Nearest-neighbor lookup (Annoy)
The Annoy library is comparatively lightweight and simple to work with.

The perfect datasets for this library is historical datasets that remain mostly static, since any modification to the dataset requires rebuilding the index.

from annoy import AnnoyIndex
import numpy as np

# Variety of values in each embedding vector.
# The "length" of every fingerprint.
f = 64

# Create an Annoy index.
# This object will store many past embeddings and help us quickly find probably the most similar ones.
ann = AnnoyIndex(f, "angular")
# "angular" distance is usually used to check patterns
# and behaves similarly to cosine similarity.

# Add historical embeddings (past situations).
# Each item represents a compressed version of a past time-series window.
# Here we use random numbers just for instance.
for i in range(10000):
    ann.add_item(i, np.random.randn(f).tolist())

# Construct the search structure.
# This step organizes the information so similarity searches are fast.
# After this, the index becomes read-only.
ann.construct(10)

# Save the index to disk.
# This permits us to load it later without rebuilding the whole lot.
ann.save("hist.ann")

# Create a question embedding.
# This represents the present situation we would like to check
# against past situations.
q = np.random.randn(f).tolist()

# Find the 5 most similar past embeddings.
# Annoy returns the IDs of the closest matches.
neighbors = ann.get_nns_by_vector(q, 5)

print("Nearest neighbors:", neighbors)

# Necessary note:
# Once the index is built, you can't add latest items.
# If latest historical data appears, the index have to be rebuilt.

Qdrant / Pinecone

Qdrant and Pinecone are like Google for embeddings.

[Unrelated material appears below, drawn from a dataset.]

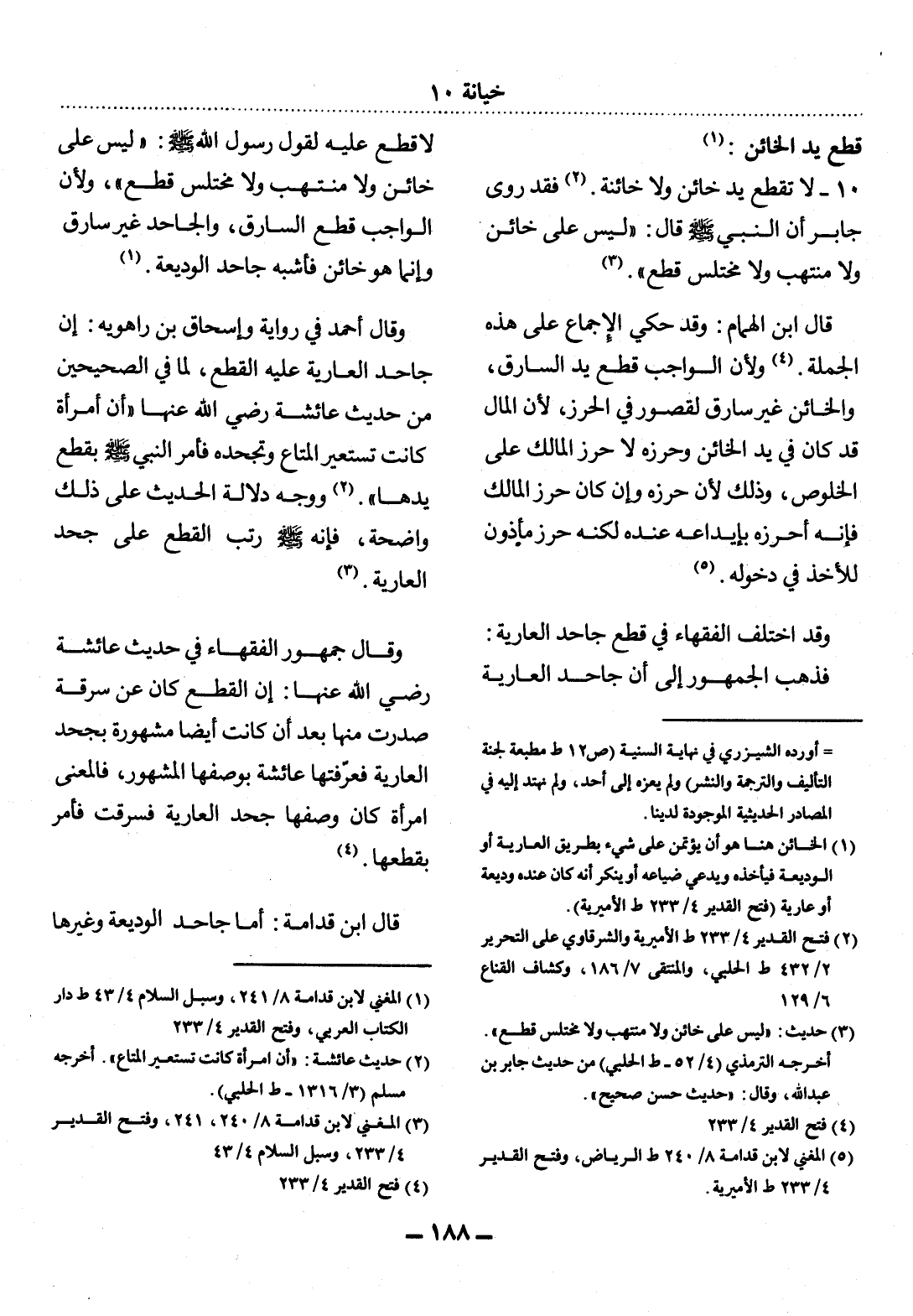 10 - لاَ تُقْطَعُ يَدُ خَائِنٍ وَلاَ خَائِنَةٍ (2) . فَقَدْ رَوَى جَابِرٌ أَنَّ النَّبِيَّ صَلَّى اللَّهُ عَلَيْهِ وَسَلَّمَ قَال: لَيْسَ عَلَى خَائِنٍ وَلاَ مُنْتَهِبٍ وَلاَ مُخْتَلِسٍ قَطْعٌ (3) .

You store plenty of vector “fingerprints” (plus extra tags like city/season), and when you will have a brand new fingerprint, you ask:

That is what makes them easier than rolling your personal retrieval: they handle fast search filtering!

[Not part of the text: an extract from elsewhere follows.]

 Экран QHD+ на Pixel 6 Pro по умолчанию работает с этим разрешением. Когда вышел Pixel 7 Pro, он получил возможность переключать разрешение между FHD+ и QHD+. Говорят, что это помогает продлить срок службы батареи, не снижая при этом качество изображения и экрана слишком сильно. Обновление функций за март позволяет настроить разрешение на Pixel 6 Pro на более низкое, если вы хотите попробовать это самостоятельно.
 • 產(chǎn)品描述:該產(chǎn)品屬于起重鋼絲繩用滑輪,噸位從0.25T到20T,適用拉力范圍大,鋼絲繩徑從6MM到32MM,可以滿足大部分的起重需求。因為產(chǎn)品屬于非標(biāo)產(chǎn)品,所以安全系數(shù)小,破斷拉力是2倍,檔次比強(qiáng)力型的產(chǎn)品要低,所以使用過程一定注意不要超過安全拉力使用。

Qdrant calls metadata payload, and you may filter search results using conditions.

# Example only (for intuition). Real code needs a running Qdrant instance + real embeddings.

from qdrant_client import QdrantClient, models

client = QdrantClient(url="http://localhost:6333")

collection = "time_series_windows"

# Pretend that is the embedding of the *current* time-series window
query_vector = [0.12, -0.03, 0.98, 0.44]  # shortened for readability

# Filter = "only consider past windows from Latest York in summer"
# Qdrant documentation shows filters built from FieldCondition + MatchValue. :contentReference[oaicite:3]{index=3}
query_filter = models.Filter(
    must=[
        models.FieldCondition(
            key="city",
            match=models.MatchValue(value="New York"),
        ),
        models.FieldCondition(
            key="season",
            match=models.MatchValue(value="summer"),
        ),
    ]
)

# In real usage, you’d call search/query and get back the closest matches
# plus their payload (metadata) for those who request it.
results = client.search(
    collection_name=collection,
    query_vector=query_vector,
    query_filter=query_filter,
    limit=5,
    with_payload=True,   # return metadata so you may inspect what you retrieved
)

print(results)

# What you'd do next (conceptually):
# - take the matched IDs
# - load the actual historical windows behind them
# - feed those windows (or their outcomes) into your forecasting model

Pinecone stores metadata key-value pairs alongside vectors and enables you to filter at query time (including $eq) and return metadata.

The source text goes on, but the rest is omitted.